Advanced R Statistical Programming and Data Models

Advanced R Statistical Programming and Data Models
Author: Matt Wiley,Joshua F. Wiley
Publsiher: Apress
Total Pages: 649
Release: 2019-02-20
Genre: Computers
ISBN: 9781484228722

Download Advanced R Statistical Programming and Data Models Book in PDF, Epub and Kindle

Carry out a variety of advanced statistical analyses including generalized additive models, mixed effects models, multiple imputation, machine learning, and missing data techniques using R. Each chapter starts with conceptual background information about the techniques, includes multiple examples using R to achieve results, and concludes with a case study. Written by Matt and Joshua F. Wiley, Advanced R Statistical Programming and Data Models shows you how to conduct data analysis using the popular R language.

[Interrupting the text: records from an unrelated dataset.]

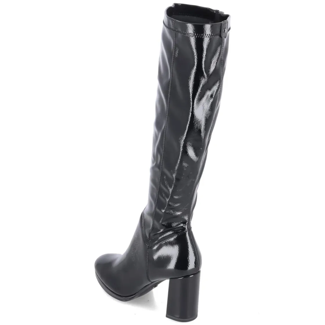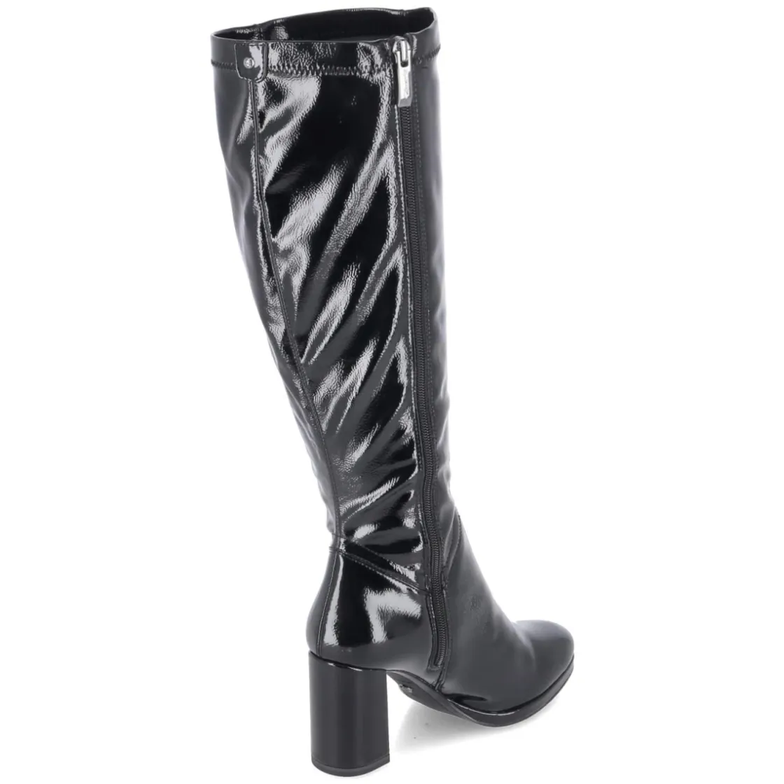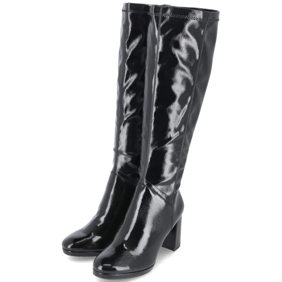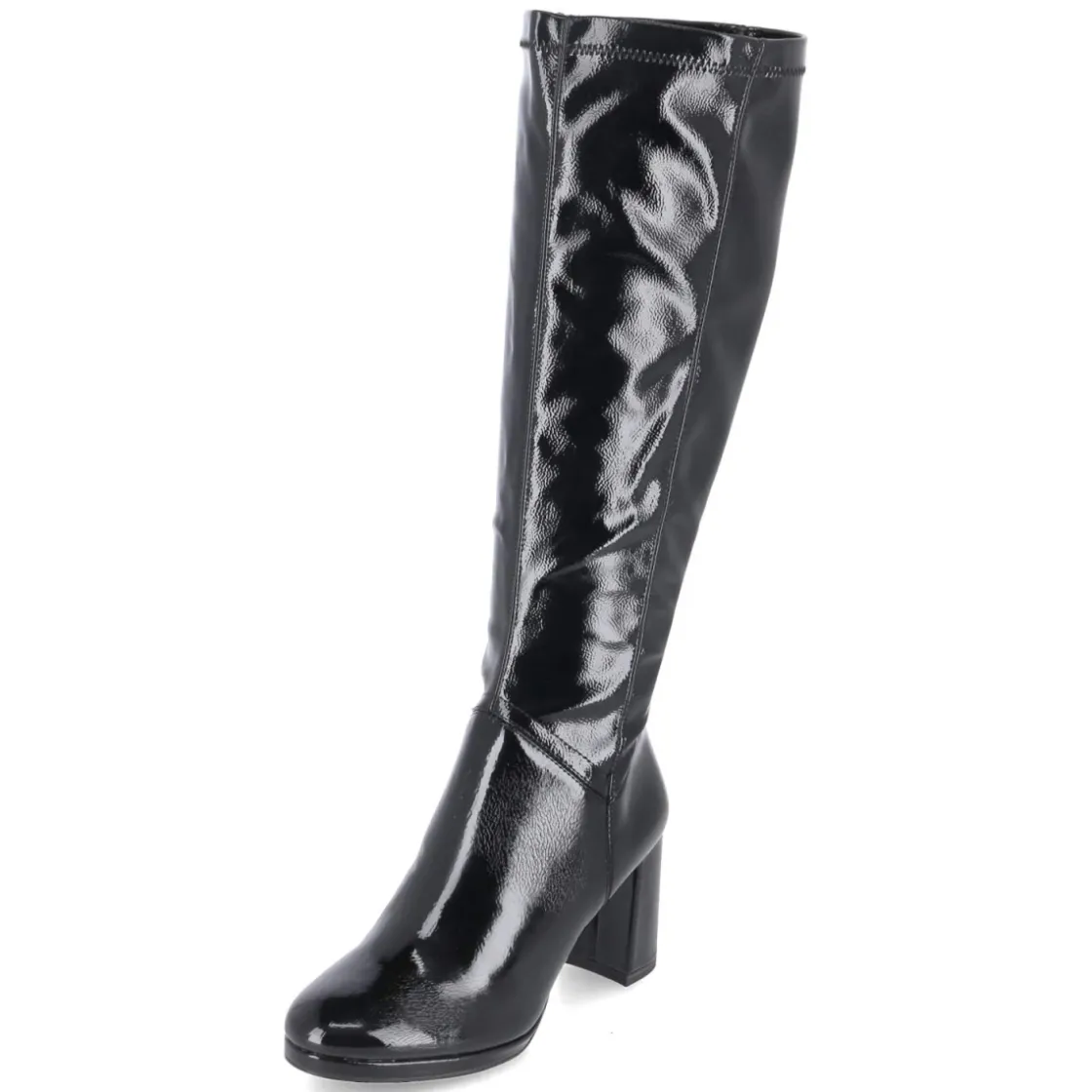 Der schwarze Lackstiefel von Tamaris setzt mit seiner glänzenden Oberfläche ein souveränes Statement und bleibt dabei erstaunlich komfortabel. Der 8 cm hohe Blockabsatz bringt Höhe und Stabilität, die runde Spitze sorgt für ein angenehmes Tragegefühl im Alltag. Ein gepolstertes Fußbett mit Textildecksohle schont die Füße, während die flexible Laufsohle sanft abfedert. Durch den praktischen Reißverschluss gelingt der Einstieg mühelos. Mit einem Schafthöhenmaß von ca. 39 cm und einem Umfang von ca. 34 cm umschmiegt der Stiefel die Wade formschön. Das Obermaterial aus Synthetik präsentiert die elegante Lackoptik besonders brillant. Der Schnitt fällt normal aus und erfüllt damit gängige Passformen. Modetipp: Für einen modernen City-Look den Stiefel zu einem Strickkleid in Midilänge und einem strukturierten Mantel kombinieren – Ton-in-Ton mit schwarzen Accessoires entsteht eine besonders edle Silhouette.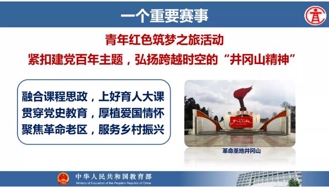2021年4月1日,“2021年全國高教處長會”在陜西西安召開,教育部高教司司長吳巖在《夯實(shí)教學(xué)“新基建” 托起培養(yǎng)高質(zhì)量》主題報(bào)告中指出要辦好第七屆中國國際“互聯(lián)網(wǎng)+”大學(xué)生創(chuàng)新創(chuàng)業(yè)大賽,凸顯大賽更國際、更全面、更創(chuàng)新、更中國、更教育的“五更”辦賽目標(biāo)。以“我敢闖,我會創(chuàng)”為大賽主題,聚焦“五育”并舉的創(chuàng)新創(chuàng)業(yè)教育實(shí)踐,完善線上線下相融合的賽事組織形式,辦一場全球最大規(guī)模雙創(chuàng)盛會。關(guān)于青年紅色筑夢之旅活動(dòng),要緊扣建黨百年主題,弘揚(yáng)跨越時(shí)空的“井岡山精神”。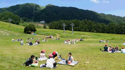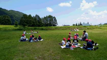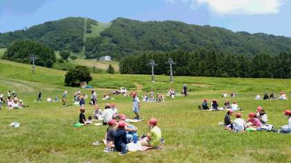 1日目の昼食は、高原でお弁当です。高原らしいさわやかな風が吹く中、おいしくいただきました。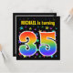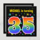 This fun, exciting, and vibrant birthday party invitation design features a colourful stars pattern, along with the number "35" having a multicolored rainbow like spectrum or gradient pattern. The name on the front can be personalised. The back features customisable details about the party. Birthday party invitations like this might be used to invite guests to a birthday party being held to celebrate somebody’s thirty fifth birthday. [~Z0000349]
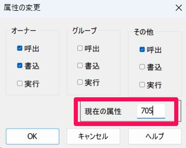 上記の赤い四角で囲った数字(705など)が、パーミッションです。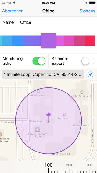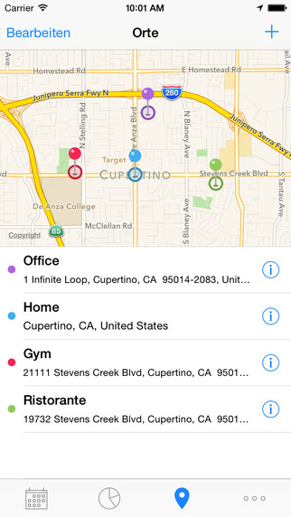 In Rewind legt man nach dem Start einfach mehrere Orte an, die einfach per Adresseingabe oder die Ortungsfunktion des iPhones gesucht werden können. Zuhause, Büro, Kunde A, B oder C, Fitnessstudio, Universität und alle Orte, an denen ihr euch häufiger aufhaltet.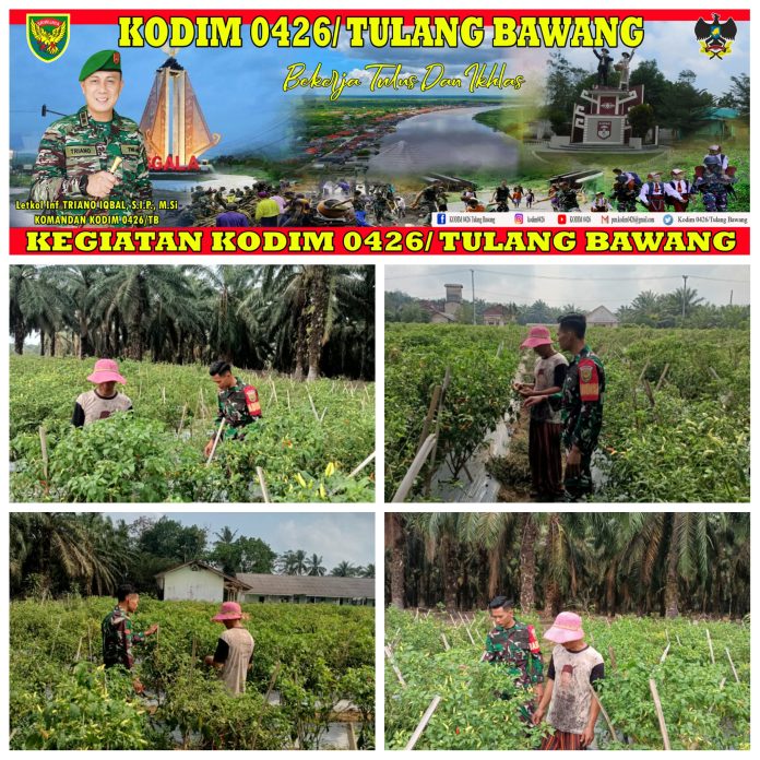 KODIM 0426/TB- Penawar Aji (Tulang Bawang) — Babinsa Koramil 426-05/PA Kodim 0426 Tulang Bawang, dalam rangka meningkatkan ketahanan pangan di wilayah binaan, Praka Hardian mendampingi petani yang sedang memanen cabe merah di Kampung Panca Tunggal Jaya, Kecamatan Penawar Aji, Kabupaten Tulang Bawang, Minggu 08 Oktober 2023.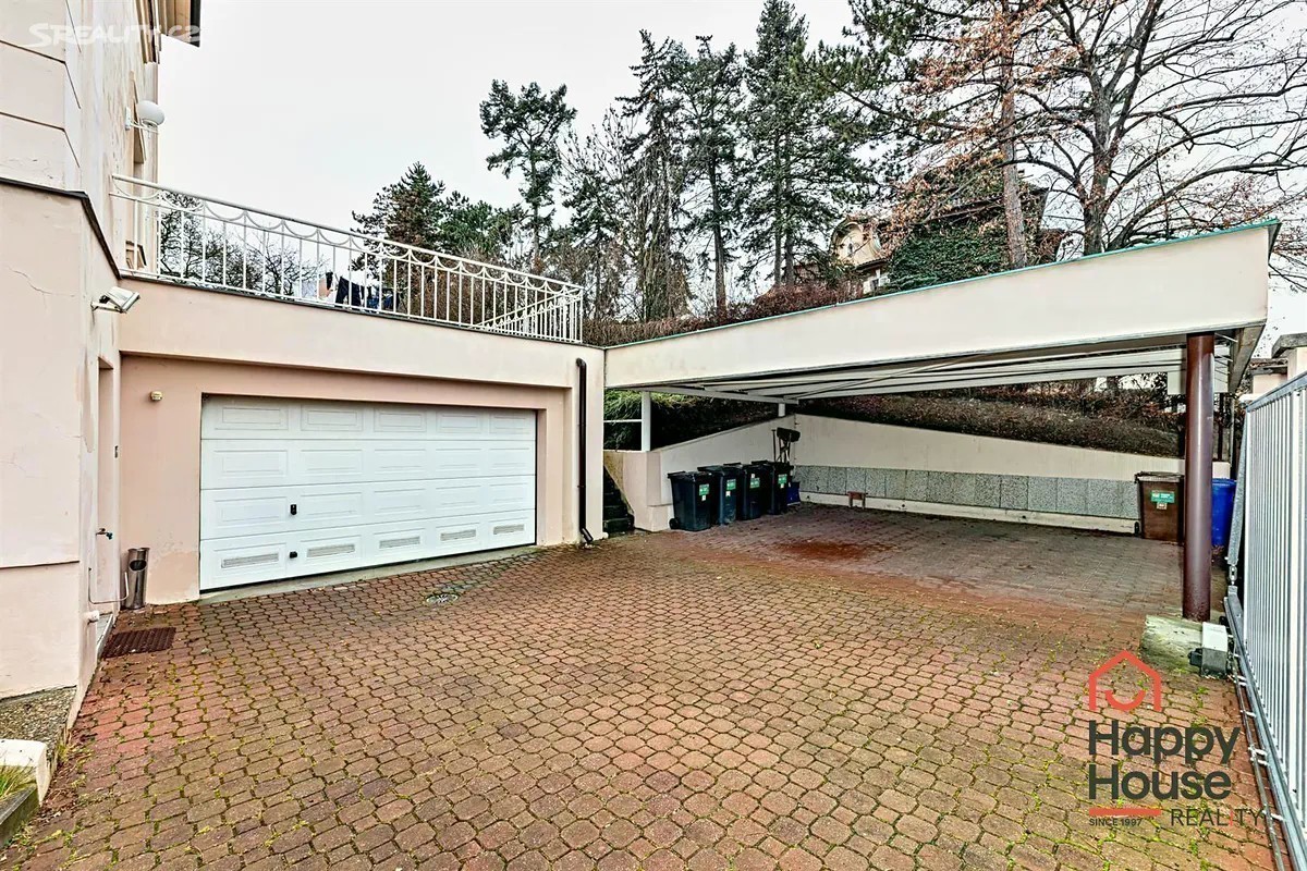 Nabízíme k pronájmu výjimečný, nezařízený byt o dispozici 7+1 a podlahové ploše 246 m² s terasou 26 m², situovaný v 1. patře prvorepublikové cihlové vily bez výtahu v prestižní rezidenční lokalitě Prahy 6 ve Střešovicích. Dominantou bytu je oválná hala se vstupem na terasu s výhledem do společné udržované zahrady. Dispozice dále zahrnuje světlý obývací pokoj, samostatnou plně vybavenou kuchyň (lednice s mraznicí, sklokeramická deska, horkovzdušná a mikrovlnná trouba, digestoř, myčka), prostornou jídelnu, čtyři ložnice, dvě koupelny (první - vana, sprchový kout, toaleta a pračka; druhá - sprchový kout a toaleta), samostatnou toaletu pro hosty, prádelnu a komoru. K bytu náleží dvě krytá parkovací stání v oploceném areálu. Vytápění a ohřev vody zajišťuje plynový kotel v bytě. Připojení k telefonu a internetu je k dispozici. Lokalita: Veškerá občanská vybavenost v docházkové vzdálenosti. Stanice metra A Dejvická asi 7 minut chůze, tramvajová zastávka Thákurova a autobusová Dělostřelecká nedaleko domu. Do přírodní rezervace Divoká Šárka dojedete autem za asi 15 minut. Měsíční nájemné: 105.000 Kč Poplatky: asi 4.000 Kč/měsíc (služby, voda), energie zvlášť Kauce: dva měsíční nájmy Provize RK: jeden měsíční nájem + DPH Energetická náročnost: PENB nedodán - uvádíme třídu G Pro další informace nebo domluvu prohlídky nás kontaktujte e‑mailem či telefonicky.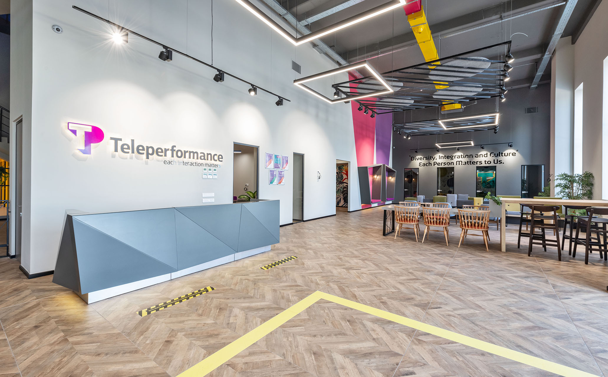 Teleperformance Çağrı Merkezi, iş dünyasının dinamik ihtiyaçlarına uygun, çağdaş bir mimari tasarımla dikkat çeker. İşlevselliği ve estetiği bir araya getiren bu modern mekan, çalışanların motivasyonunu artırırken, müşteri deneyimini en üst düzeye çıkanır.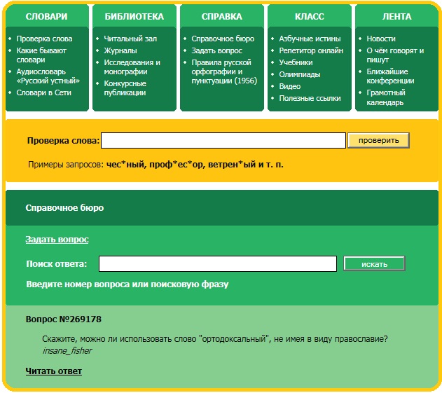 Открыв вкладку «Справка», ты попадешь на страницу с четырьмя разделами. В «Справочном бюро» ты можешь проверить, как пишется интересующее тебя слово. Во вкладке «Задать вопрос» пользователи портала имеют возможность обратиться с любым вопросом к сотрудникам сайта, указав свою электронную почту.

You’ll delve into the preconditions or hypothesis for various statistical tests and techniques and work through concrete examples using R for a variety of these next-level analytics. This is a must-have guide and reference on using and programming with the R language. What You’ll LearnConduct advanced analyses in R including: generalized linear models, generalized additive models, mixed effects models, machine learning, and parallel processing Carry out regression modeling using R data visualization, linear and advanced regression, additive models, survival / time to event analysis Handle machine learning using R including parallel processing, dimension reduction, and feature selection and classification Address missing data using multiple imputation in R Work on factor analysis, generalized linear mixed models, and modeling intraindividual variability Who This Book Is For Working professionals, researchers, or students who are familiar with R and basic statistical techniques such as linear regression and who want to learn how to use R to perform more advanced analytics. Particularly, researchers and data analysts in the social sciences may benefit from these techniques. Additionally, analysts who need parallel processing to speed up analytics are given proven code to reduce time to result(s).

Metaprogramming in R

Metaprogramming in R
Author: Thomas Mailund
Publsiher: Apress
Total Pages: 106
Release: 2017-06-01
Genre: Computers
ISBN: 9781484228814

Download Metaprogramming in R Book in PDF, Epub and Kindle

Learn how to manipulate functions and expressions to modify how the R language interprets itself. This book is an introduction to metaprogramming in the R language, so you will write programs to manipulate other programs. Metaprogramming in R shows you how to treat code as data that you can generate, analyze, or modify. R is a very high-level language where all operations are functions and all functions are data that can be manipulated. This book shows you how to leverage R's natural flexibility in how function calls and expressions are evaluated, to create small domain-specific languages to extend R within the R language itself. What You'll Learn Find out about the anatomy of a function in R Look inside a function call Work with R expressions and environments Manipulate expressions in R Use substitutions Who This Book Is For Those with at least some experience with R and certainly for those with experience in other programming languages.